The pictures in the listing below are to be skipped, while the lines between the line holding "станцию и обратно." and the line holding "30일 00시 국내 음원", inclusive, are to be output exactly.

Material provided:
╭──
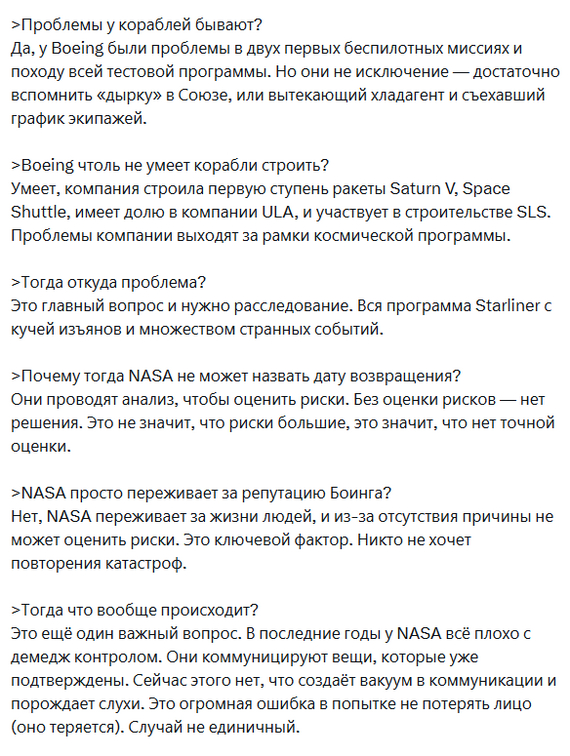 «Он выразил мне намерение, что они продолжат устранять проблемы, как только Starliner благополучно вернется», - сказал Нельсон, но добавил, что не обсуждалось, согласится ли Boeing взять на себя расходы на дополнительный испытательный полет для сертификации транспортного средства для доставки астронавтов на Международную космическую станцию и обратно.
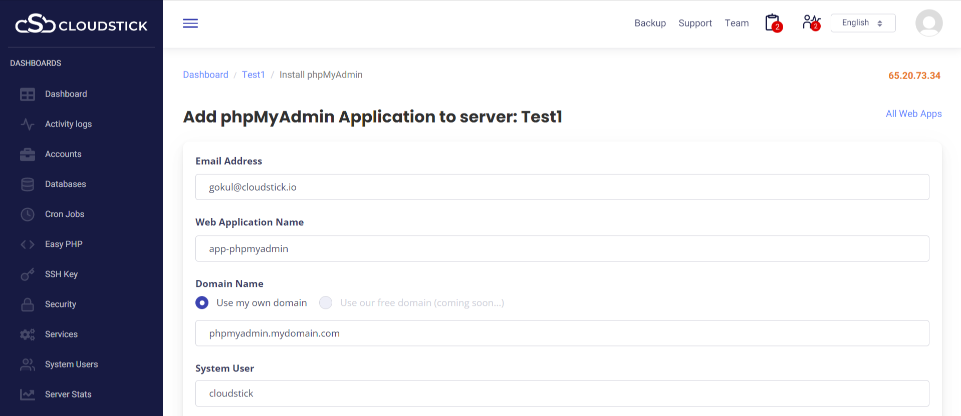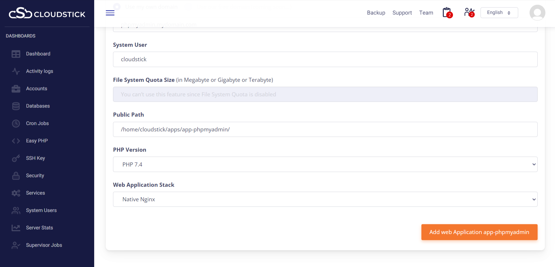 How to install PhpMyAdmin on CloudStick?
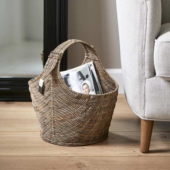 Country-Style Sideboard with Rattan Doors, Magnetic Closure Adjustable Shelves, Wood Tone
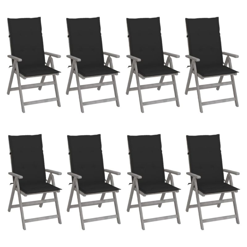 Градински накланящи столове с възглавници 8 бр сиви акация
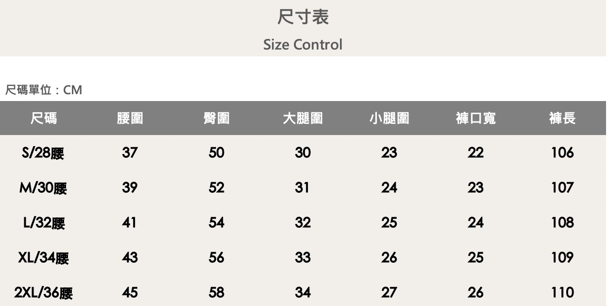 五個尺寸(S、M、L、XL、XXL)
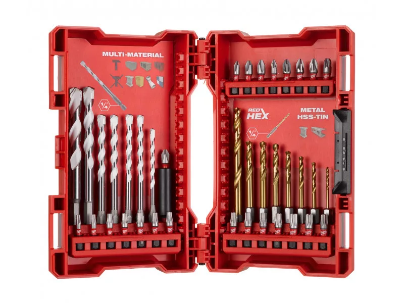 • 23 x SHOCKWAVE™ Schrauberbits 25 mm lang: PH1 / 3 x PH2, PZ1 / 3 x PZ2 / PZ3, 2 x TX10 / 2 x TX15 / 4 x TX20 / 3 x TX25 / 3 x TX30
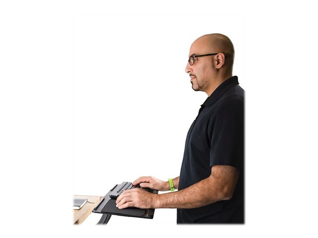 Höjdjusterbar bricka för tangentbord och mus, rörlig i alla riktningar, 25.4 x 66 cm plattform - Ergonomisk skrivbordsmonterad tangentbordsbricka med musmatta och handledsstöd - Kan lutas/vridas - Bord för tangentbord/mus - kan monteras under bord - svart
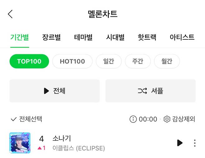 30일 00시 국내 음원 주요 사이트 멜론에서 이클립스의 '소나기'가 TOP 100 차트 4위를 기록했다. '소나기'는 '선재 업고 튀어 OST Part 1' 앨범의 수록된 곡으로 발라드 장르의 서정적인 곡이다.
╰──
╭──
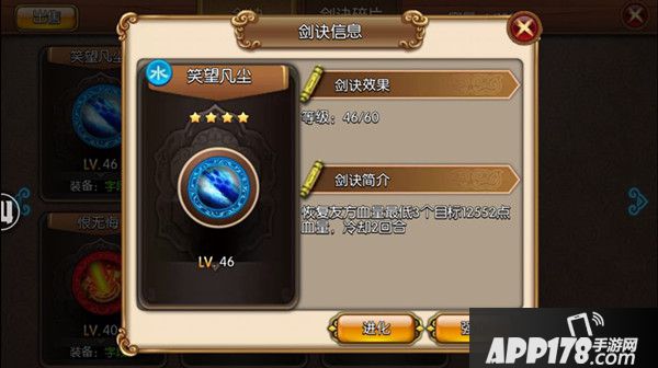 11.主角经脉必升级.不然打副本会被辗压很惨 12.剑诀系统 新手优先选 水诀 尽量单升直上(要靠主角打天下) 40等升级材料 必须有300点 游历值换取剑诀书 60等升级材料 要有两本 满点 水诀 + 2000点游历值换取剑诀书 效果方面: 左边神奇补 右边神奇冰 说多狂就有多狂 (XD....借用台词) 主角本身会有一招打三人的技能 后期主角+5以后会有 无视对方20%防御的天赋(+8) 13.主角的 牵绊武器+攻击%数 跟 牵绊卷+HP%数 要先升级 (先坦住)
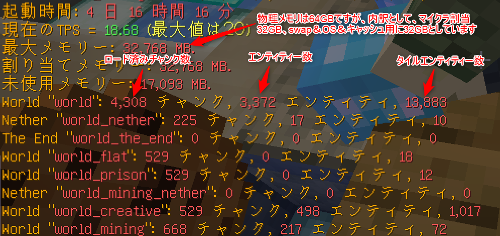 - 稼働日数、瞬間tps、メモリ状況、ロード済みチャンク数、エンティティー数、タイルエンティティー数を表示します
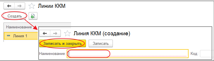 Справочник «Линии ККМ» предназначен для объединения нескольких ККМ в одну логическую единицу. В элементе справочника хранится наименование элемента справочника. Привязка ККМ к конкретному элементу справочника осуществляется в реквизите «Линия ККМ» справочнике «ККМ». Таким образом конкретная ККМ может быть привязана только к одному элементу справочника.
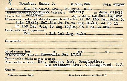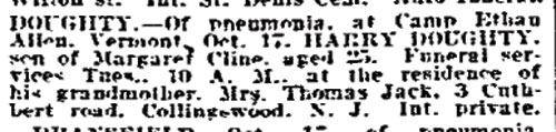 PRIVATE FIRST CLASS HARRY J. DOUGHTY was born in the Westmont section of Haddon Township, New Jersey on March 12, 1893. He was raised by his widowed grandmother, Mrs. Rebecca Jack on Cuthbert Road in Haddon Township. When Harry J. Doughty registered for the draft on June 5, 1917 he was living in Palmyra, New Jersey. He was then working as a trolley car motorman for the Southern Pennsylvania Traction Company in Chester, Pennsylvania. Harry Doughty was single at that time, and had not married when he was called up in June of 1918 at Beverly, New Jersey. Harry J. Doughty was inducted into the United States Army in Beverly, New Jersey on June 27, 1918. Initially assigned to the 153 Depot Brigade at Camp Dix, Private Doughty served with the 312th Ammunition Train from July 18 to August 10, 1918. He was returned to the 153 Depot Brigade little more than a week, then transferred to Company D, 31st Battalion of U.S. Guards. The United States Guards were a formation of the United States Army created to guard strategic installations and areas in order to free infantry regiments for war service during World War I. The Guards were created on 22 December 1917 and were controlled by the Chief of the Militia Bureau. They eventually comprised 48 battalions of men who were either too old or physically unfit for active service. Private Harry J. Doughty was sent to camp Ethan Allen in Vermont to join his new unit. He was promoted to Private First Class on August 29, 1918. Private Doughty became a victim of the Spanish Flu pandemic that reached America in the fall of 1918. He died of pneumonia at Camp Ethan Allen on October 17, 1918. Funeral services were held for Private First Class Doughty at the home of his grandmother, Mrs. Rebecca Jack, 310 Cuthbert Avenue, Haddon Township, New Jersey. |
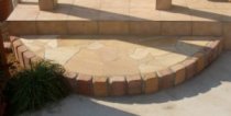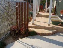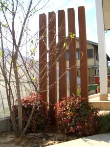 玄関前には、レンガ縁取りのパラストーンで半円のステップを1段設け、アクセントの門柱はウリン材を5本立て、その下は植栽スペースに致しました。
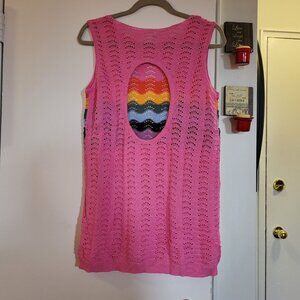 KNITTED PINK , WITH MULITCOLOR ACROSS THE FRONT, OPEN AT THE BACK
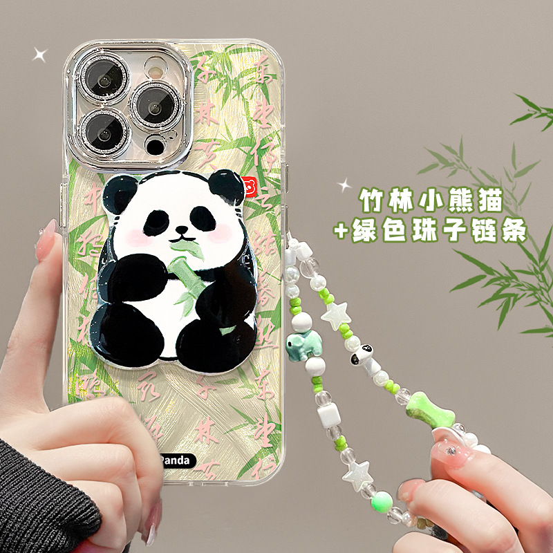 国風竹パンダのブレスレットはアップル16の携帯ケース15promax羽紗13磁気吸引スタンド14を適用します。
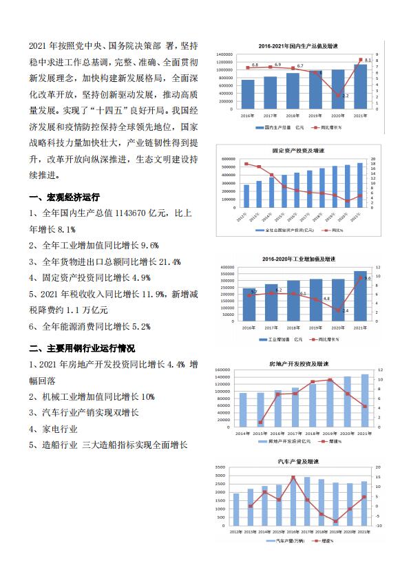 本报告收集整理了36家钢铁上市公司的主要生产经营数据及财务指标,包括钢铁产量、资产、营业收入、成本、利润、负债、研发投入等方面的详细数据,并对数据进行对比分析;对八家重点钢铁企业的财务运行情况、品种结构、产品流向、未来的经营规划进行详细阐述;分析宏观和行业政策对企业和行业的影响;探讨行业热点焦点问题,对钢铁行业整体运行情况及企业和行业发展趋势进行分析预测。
╰──
╭──
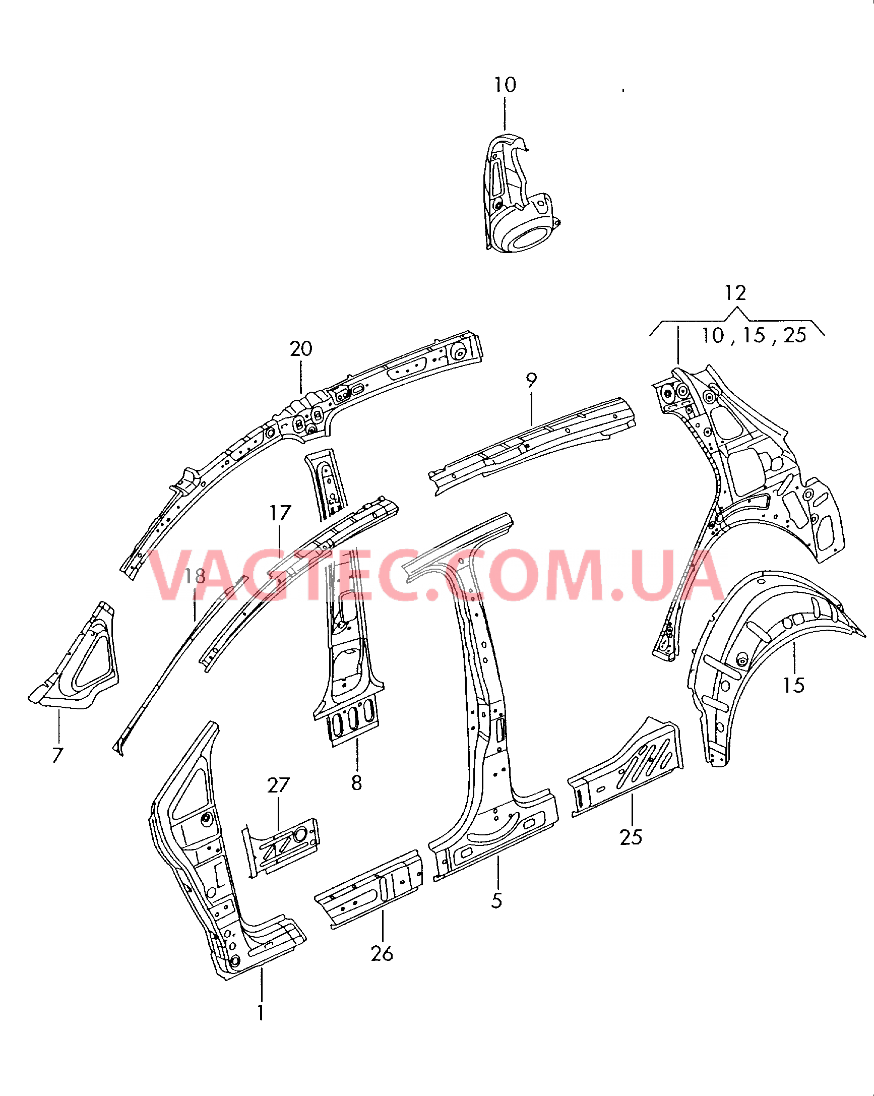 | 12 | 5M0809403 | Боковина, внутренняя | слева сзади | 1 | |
╰──
Result of the task:
 «Он выразил мне намерение, что они продолжат устранять проблемы, как только Starliner благополучно вернется», - сказал Нельсон, но добавил, что не обсуждалось, согласится ли Boeing взять на себя расходы на дополнительный испытательный полет для сертификации транспортного средства для доставки астронавтов на Международную космическую станцию и обратно.
 How to install PhpMyAdmin on CloudStick?
 Country-Style Sideboard with Rattan Doors, Magnetic Closure Adjustable Shelves, Wood Tone
 Градински накланящи столове с възглавници 8 бр сиви акация
 五個尺寸(S、M、L、XL、XXL)
 • 23 x SHOCKWAVE™ Schrauberbits 25 mm lang: PH1 / 3 x PH2, PZ1 / 3 x PZ2 / PZ3, 2 x TX10 / 2 x TX15 / 4 x TX20 / 3 x TX25 / 3 x TX30
 Höjdjusterbar bricka för tangentbord och mus, rörlig i alla riktningar, 25.4 x 66 cm plattform - Ergonomisk skrivbordsmonterad tangentbordsbricka med musmatta och handledsstöd - Kan lutas/vridas - Bord för tangentbord/mus - kan monteras under bord - svart
 30일 00시 국내 음원 주요 사이트 멜론에서 이클립스의 '소나기'가 TOP 100 차트 4위를 기록했다. '소나기'는 '선재 업고 튀어 OST Part 1' 앨범의 수록된 곡으로 발라드 장르의 서정적인 곡이다.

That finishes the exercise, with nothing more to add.